USE ROLE ACCOUNTADMIN;

CREATE REPLICATION GROUP my_rg
  AS REPLICA OF acme.account1.my_rg;

Refresh the replica

It's pretty simple to manually refresh the replica.

ALTER REPLICATION GROUP my_rg REFRESH;

If you don't see the replicated database in the target account, it might be a permission issue, that your role is not allowed to view the databases. Since in previous step, the replica is created with role ACCOUNTADMIN!

Try grant usage on the replicated database, schema, and grant select on the tables in the database/schema.

E.g.

USE ROLE ACCOUNTADMIN;
GRANT USAGE ON DATABASE db1 TO ROLE my_role;
GRANT USAGE ON SCHEMA db1.schema1 TO ROLE my_role;
GRANT SELECT ON FUTURE TABLES IN SCHEMA db1.schem1 TO ROLE my_role;;

Note the last grant is for FUTURE TABLES, because the database grant in a replica is not retroactive, i.e. what you replicate is just the database itself. In the target account, it has no knowledge of which roles have access to it, thus it defaults to ACCOUNDADMIN, which is used to create the replication group in target account.

Terraform

If you are using Terraform to manage your Snowflake infrastructure, everything should be simple, since they have their counterpart in the Terraform Snowflake provider, except the replication group LMAO.

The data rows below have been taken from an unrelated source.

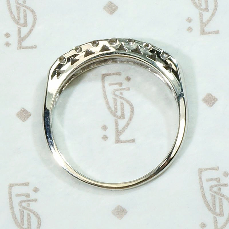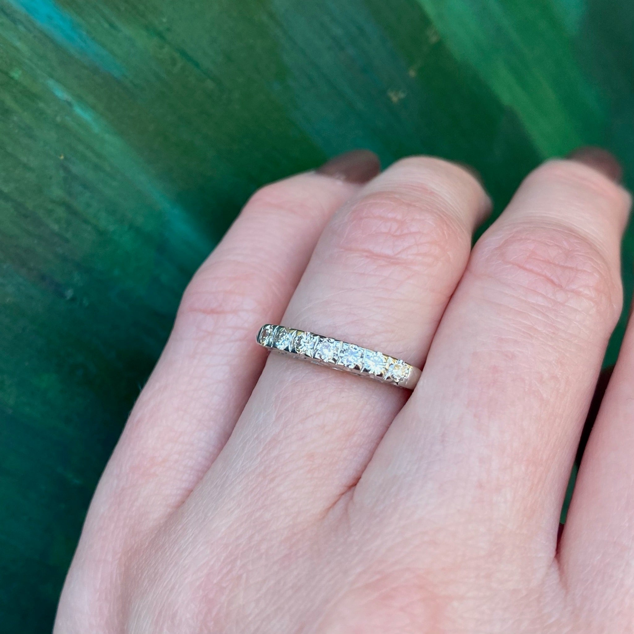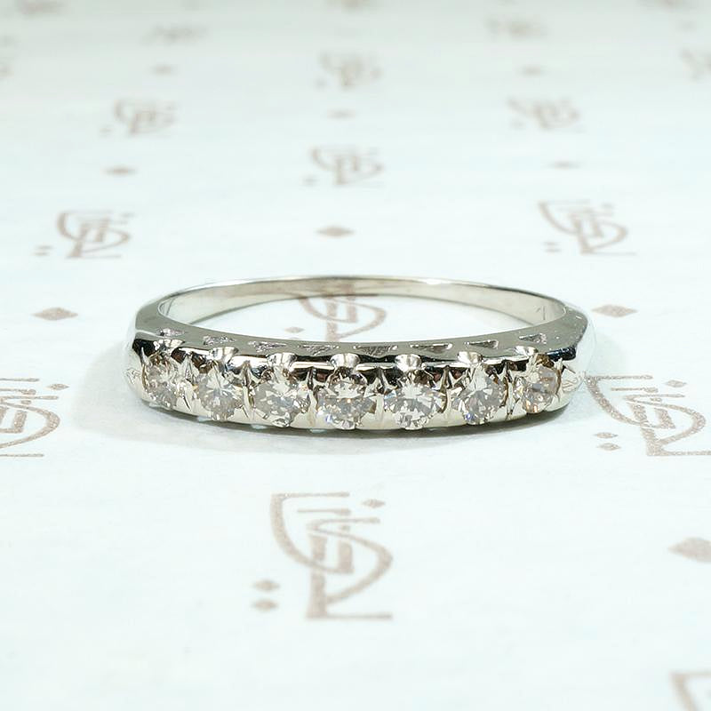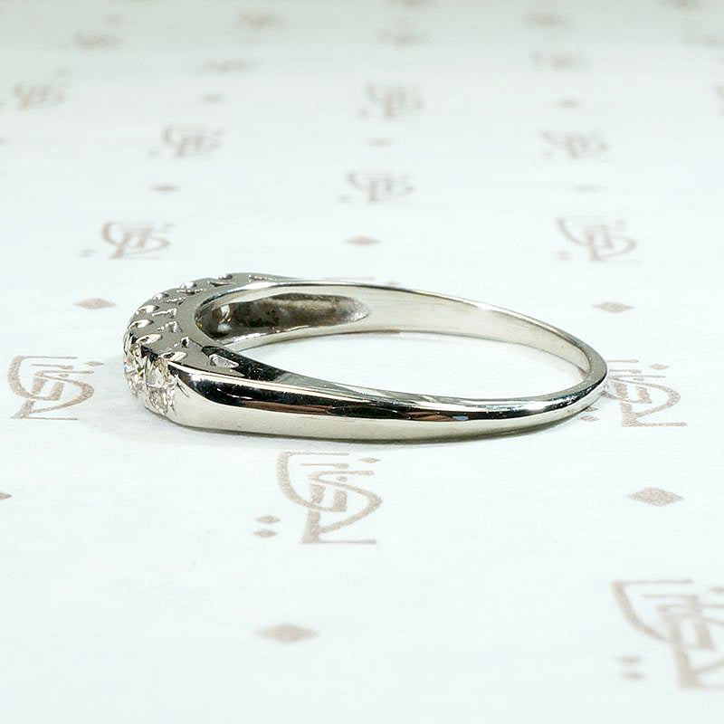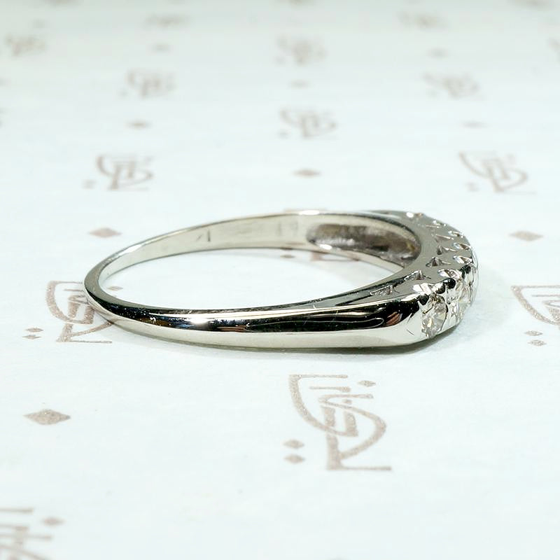 This timeless white gold wedding band is set across the top with seven diamonds. The pretty, sparkling diamonds weigh 0.20ct. Sleek shoulders taper back to a slim band. It will look great worn with your vintage engagement ring, on its own or stacked with other bands. Circa 1940.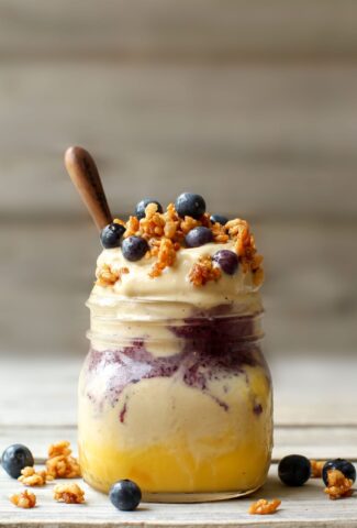 Mango Blueberry Nicecream Jar with Rice Crispy Clusters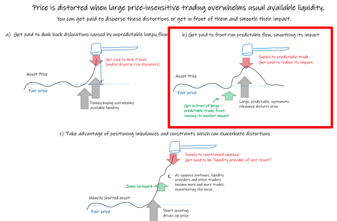 you can get paid to front-run it and smooth out its impact.

The Terraform does have a resource for failover group tho. 😂

Just use unsafe_execute.

See https://registry.terraform.io/providers/Snowflake-Labs/snowflake/latest/docs/resources/unsafe_execute

E.g.

resource "snowflake_unsafe_execute" "test" {
  execute  <<EOT
CREATE REPLICATION GROUP my_rg
OBJECT_TYPES = databases
ALLOWED_DATABASES = db1
ALLOWED_ACCOUNTS = acme.account_2;
EOT
  revert  = "DROP REPLICATION GROUP IF EXISTS my_rg"
}

Conclusion

Based on my experience, the replication happens really fast. It was able to replicate ~100M data in less than 1 minute from AWS ap-southeast-2 to us-west-2.

This is it, my experience with replication group. Hope it helps.